Here are the Item-Item based recommendations for Users 1:

#Test Dataset
x %>% kable(caption = "Test Dataset") %>% kable_styling("striped", full_width = TRUE)
Test Dataset
X Wizard.s.First.Rule Harry.Potter..Series. Twilight..Series. Hitchhiker.s.Guide.to.the.Galaxy Jonathan.Strange.and.Mister.Norrell Master.and.Margarita Lord.of.the.Rings Song.of.Ice.and.Fire Hunger.Games
6 Alla 5 NA 5 4 NA 5 NA NA 4
9 Lana 5 5 5 4 NA 4 2 NA 4
13 Anya NA 4 5 3 NA 4 1 1 5
14 AndreyM 5 5 2 5 NA 5 5 4 3
#Predictions
recc_user_1 <- recc_predicted@items[[1]]
book_user_1 <- recc_predicted@itemLabels[recc_user_1]
book_user_1 %>% kable(caption = "User 1") %>% kable_styling("striped", full_width = FALSE)
User 1
x
Song.of.Ice.and.Fire
Harry.Potter..Series.

Now let’s use UBCF Model:

#Let's recreate test and train datasets
set.seed(14) 
which_train <- sample(x = c(TRUE, FALSE), size = nrow(df),
replace = TRUE, prob = c(0.8, 0.2))

data_train <- df[which_train, ]
data_test <- df[!which_train, ]
x<-data_test

#Converting Train Data Frame to Real Rating Matrix
data_train <- as.matrix(data_train)
data_train <- as(data_train, "realRatingMatrix")
data_test <- as.matrix(data_test)
data_test <- as(data_test, "realRatingMatrix")

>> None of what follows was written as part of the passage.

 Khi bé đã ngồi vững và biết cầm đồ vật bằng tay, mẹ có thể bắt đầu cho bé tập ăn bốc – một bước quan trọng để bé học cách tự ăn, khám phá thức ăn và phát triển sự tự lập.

recc_model <- Recommender(data = data_train, method = "UBCF")
recc_model
## Recommender of type 'UBCF' for 'realRatingMatrix' 
## learned using 11 users.
n_recommended <- 3
recc_predicted <- predict(object = recc_model, newdata = data_test, n = n_recommended) 
recc_predicted
## Recommendations as 'topNList' with n = 3 for 6 users.

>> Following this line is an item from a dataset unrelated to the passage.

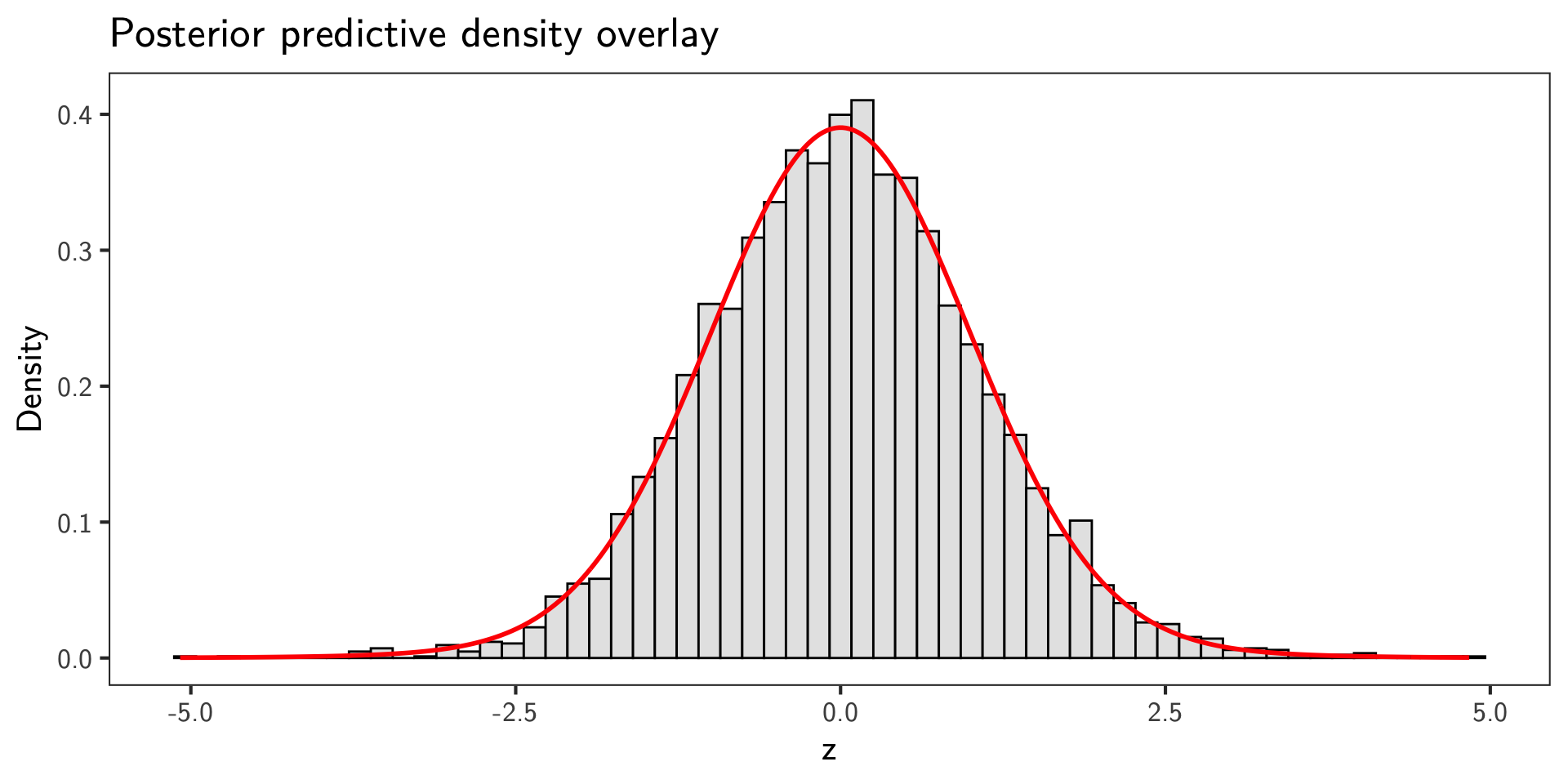 Overlay the posterior mean predictive density on the \(z\) histogram.

Here are the User-User based recommendations for Users 2 and 3:

#Test Dataset
x %>% kable(caption = "Test Dataset") %>% kable_styling("striped", full_width = TRUE)
Test Dataset
X Wizard.s.First.Rule Harry.Potter..Series. Twilight..Series. Hitchhiker.s.Guide.to.the.Galaxy Jonathan.Strange.and.Mister.Norrell Master.and.Margarita Lord.of.the.Rings Song.of.Ice.and.Fire Hunger.Games
3 Mariya 4 NA 5 NA 2 5 2 NA 3
5 Irene 4 5 4 4 3 4 NA 5 3
7 Chris 4 4 NA 5 NA NA 5 4 NA
11 Ronny NA 5 5 NA NA NA 3 4 5
14 AndreyM 5 5 2 5 NA 5 5 4 3
15 Sally 5 5 5 5 NA 5 NA 5 3
#Predictions

recc_user_2 <- recc_predicted@items[[2]]
book_user_2 <- recc_predicted@itemLabels[recc_user_2]
book_user_2 %>% kable(caption = "User 2") %>% kable_styling("striped", full_width = FALSE)
User 2
x
Lord.of.the.Rings
recc_user_2 <- recc_predicted@items[[3]]
book_user_2 <- recc_predicted@itemLabels[recc_user_2]
book_user_2 %>% kable(caption = "User 3") %>% kable_styling("striped", full_width = FALSE)
User 3
x
Master.and.Margarita
Twilight..Series.
Hunger.Games

4. Conclusion

Both UBCF with IBCF results appear to be accurate - they both recommend books which users have not preiously read and books that have a high rating. UBCF is agreed to be more accurate for small dataset - so I will conclude that UBCF recommendation are better for my purposes. This project can be further expanded by adding users and increasing the scope beyond fantasy books. It would be interested to see how adding ‘tag’ type data can improve recommendations.